573a Arrivée au Lido di Valderice

 

Un "blanc" dans notre voyage. Chaque année, Natacha se rend quelque part en Europe Centrale (selon les années, cela a été Varsovie en Pologne, Kaunas en Lituanie, Brno en République Tchèque, Ivano-Frankivsk en Ukraine…) pour un colloque organisé par un club auquel elle appartient. Cette année, c’était de nouveau à Varsovie. Longtemps, elle a hésité à interrompre notre voyage pour s’y rendre. Depuis deux mois, c’était plutôt non. Et puis, subitement, au vu du programme et de la participation d’un célèbre professeur d’université français spécialiste du monde slave, elle a décidé de s’y rendre. De l’aéroport de Trapani / Birgi, à une centaine de kilomètres de Palerme, il y a des avions pour Cracovie.
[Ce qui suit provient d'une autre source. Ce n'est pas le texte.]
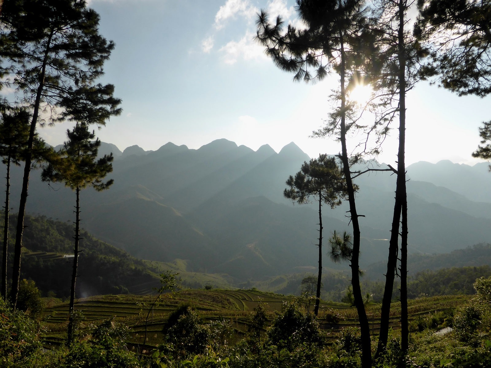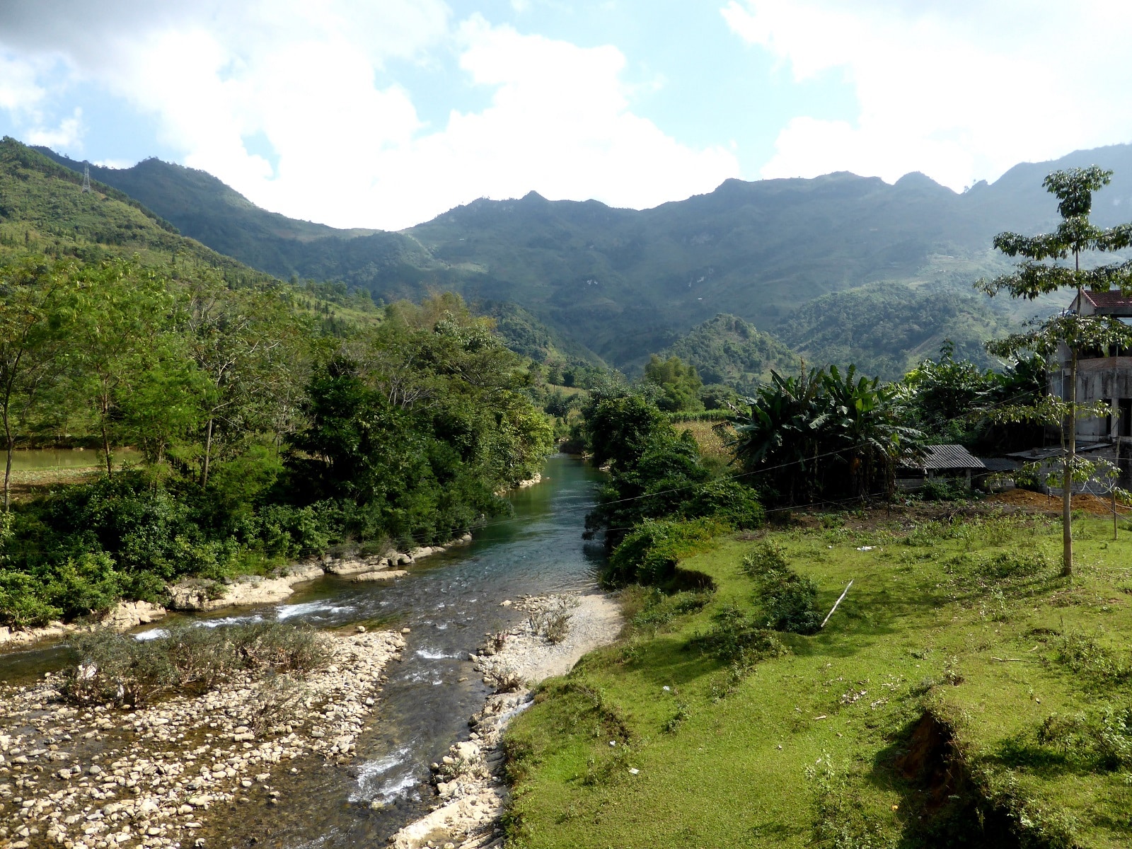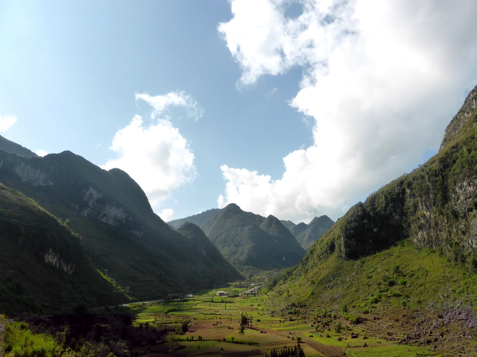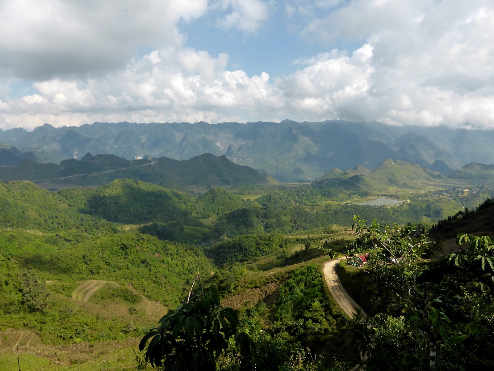 D’abord, une vallée verdoyante sillonnée de rivières et de rizières, puis, on attaque la montagne et ses nombreux pics.

Elle doit s’embarquer samedi 17, faire Cracovie – Varsovie en train dimanche, participer à son colloque en début de semaine, aller faire un tour à Grodno en Biélorussie, à seulement deux cent cinquante kilomètres, pour embrasser son père et saluer quelques amis, puis repartir pour Varsovie, Cracovie, Trapani et arriver à l’aéroport de Birgi le mardi 27 au soir. Ce sont surtout les seuls 250 kilomètres de Varsovie à Grodno et retour qui sont longs et difficiles, parce qu’il s’agit de franchir la frontière de "la dernière dictature d’Europe", avec en outre un changement d’écartement des voies.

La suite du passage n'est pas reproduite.